►

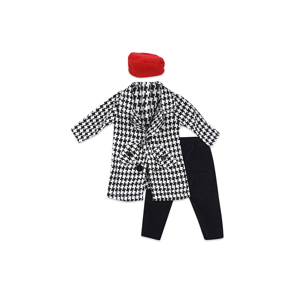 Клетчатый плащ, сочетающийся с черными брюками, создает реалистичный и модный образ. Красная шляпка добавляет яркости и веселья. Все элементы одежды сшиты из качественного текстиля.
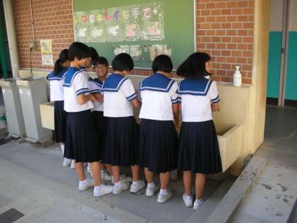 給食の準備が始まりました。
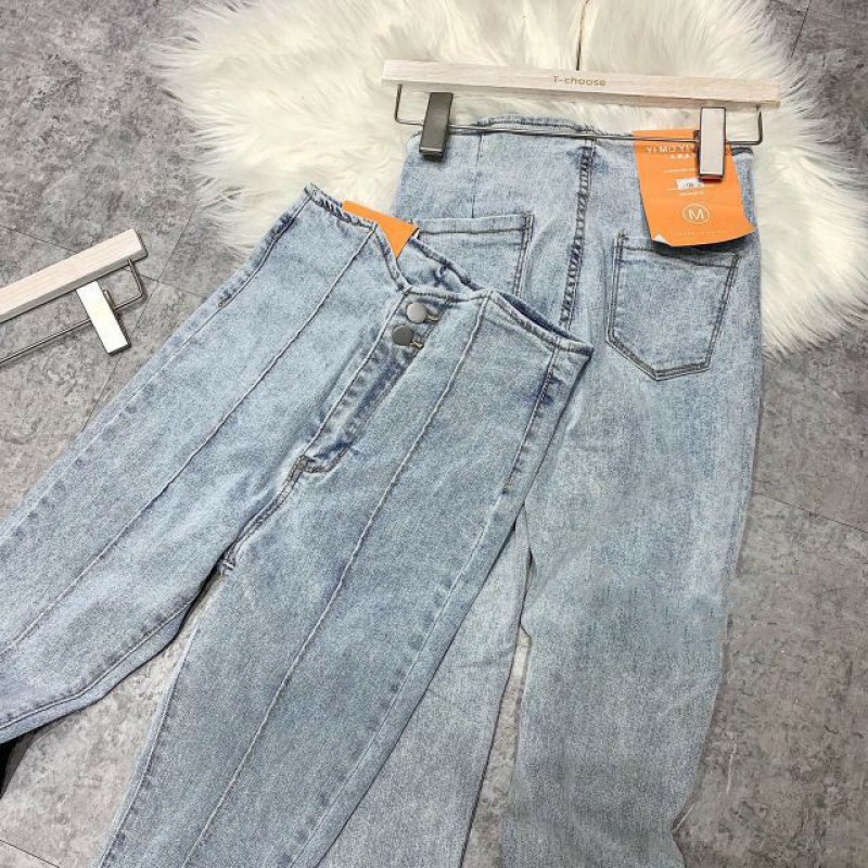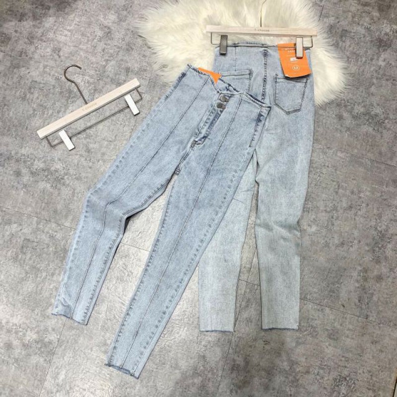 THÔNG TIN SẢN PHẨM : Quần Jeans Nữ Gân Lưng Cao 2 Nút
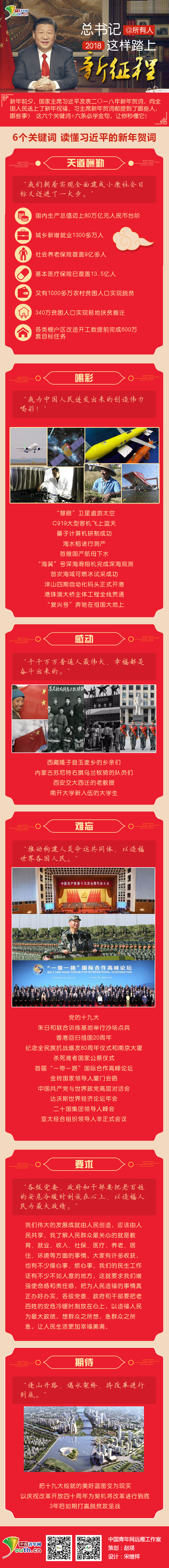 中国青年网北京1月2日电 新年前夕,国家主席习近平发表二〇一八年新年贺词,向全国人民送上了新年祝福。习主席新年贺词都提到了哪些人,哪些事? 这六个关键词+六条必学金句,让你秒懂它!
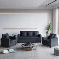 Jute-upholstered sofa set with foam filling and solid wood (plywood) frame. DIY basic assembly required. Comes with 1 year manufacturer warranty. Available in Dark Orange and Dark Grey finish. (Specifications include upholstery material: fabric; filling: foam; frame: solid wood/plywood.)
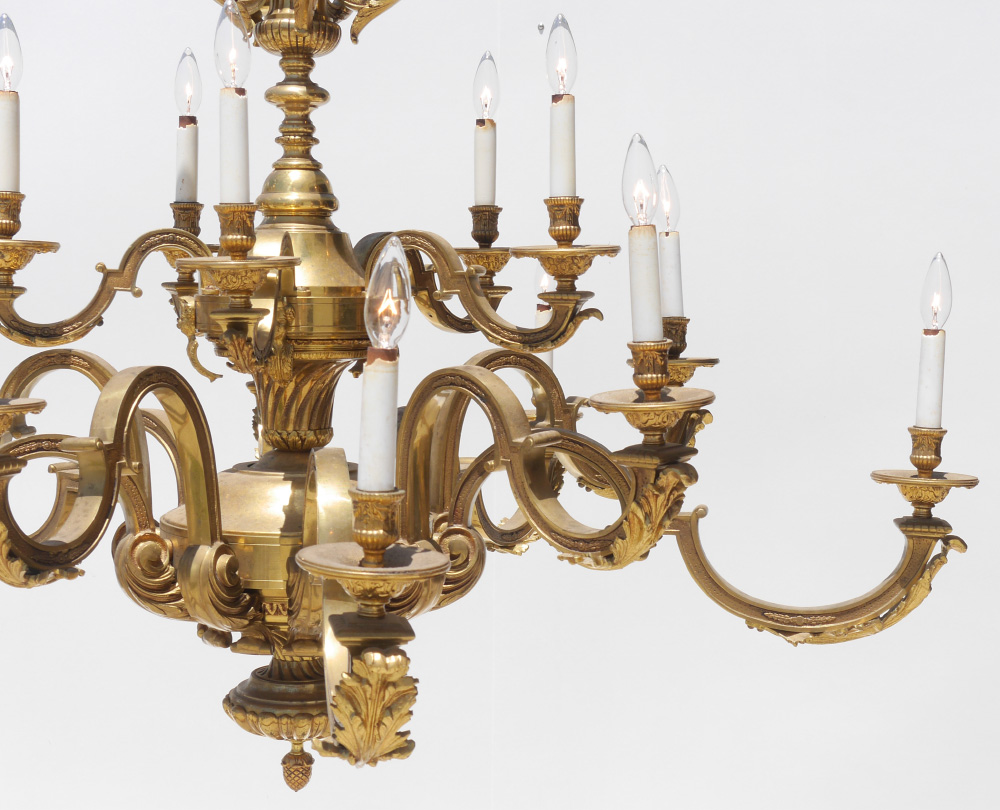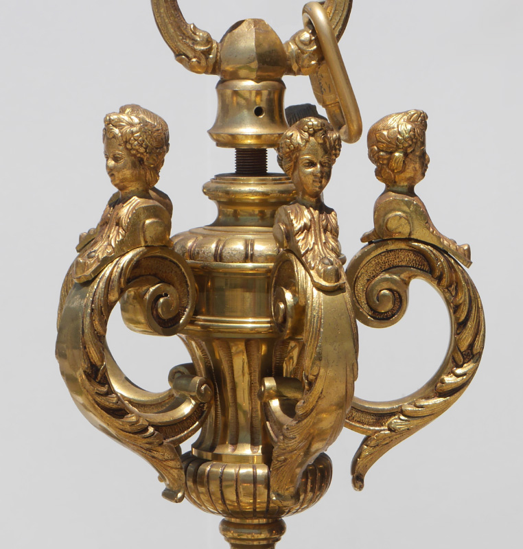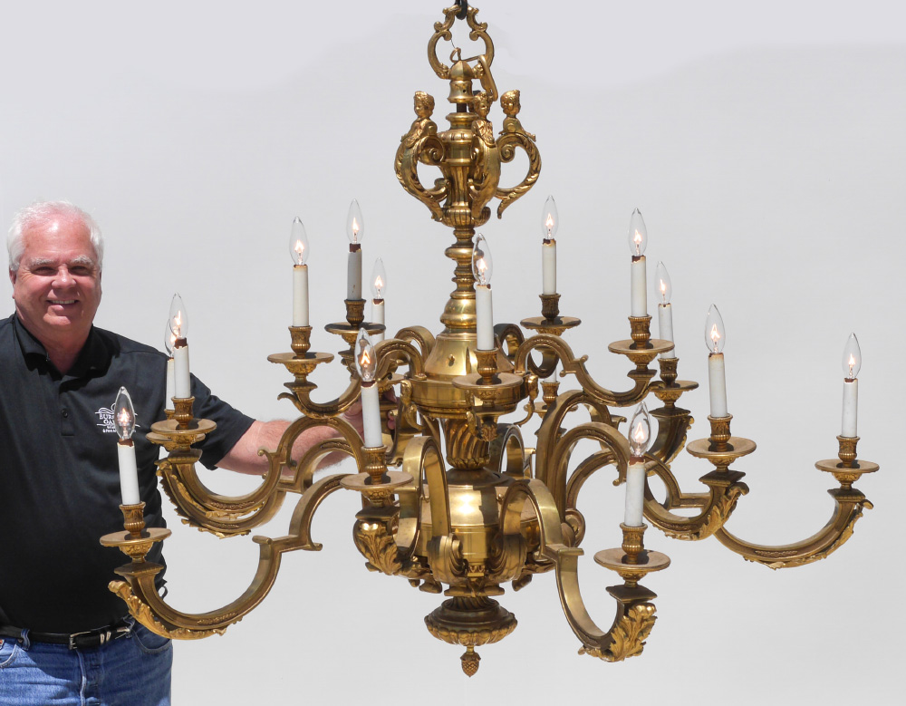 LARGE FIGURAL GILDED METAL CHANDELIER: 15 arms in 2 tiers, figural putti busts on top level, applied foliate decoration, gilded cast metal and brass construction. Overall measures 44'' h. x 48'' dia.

◄

## Problem description:
Each line from the start of the entries to the line holding "Jute-upholstered sofa set" is to be given again exactly, both ends included, and each picture is to be left out.

## Task solution:
 Клетчатый плащ, сочетающийся с черными брюками, создает реалистичный и модный образ. Красная шляпка добавляет яркости и веселья. Все элементы одежды сшиты из качественного текстиля.
 給食の準備が始まりました。
 THÔNG TIN SẢN PHẨM : Quần Jeans Nữ Gân Lưng Cao 2 Nút
 中国青年网北京1月2日电 新年前夕,国家主席习近平发表二〇一八年新年贺词,向全国人民送上了新年祝福。习主席新年贺词都提到了哪些人,哪些事? 这六个关键词+六条必学金句,让你秒懂它!
 Jute-upholstered sofa set with foam filling and solid wood (plywood) frame. DIY basic assembly required. Comes with 1 year manufacturer warranty. Available in Dark Orange and Dark Grey finish. (Specifications include upholstery material: fabric; filling: foam; frame: solid wood/plywood.)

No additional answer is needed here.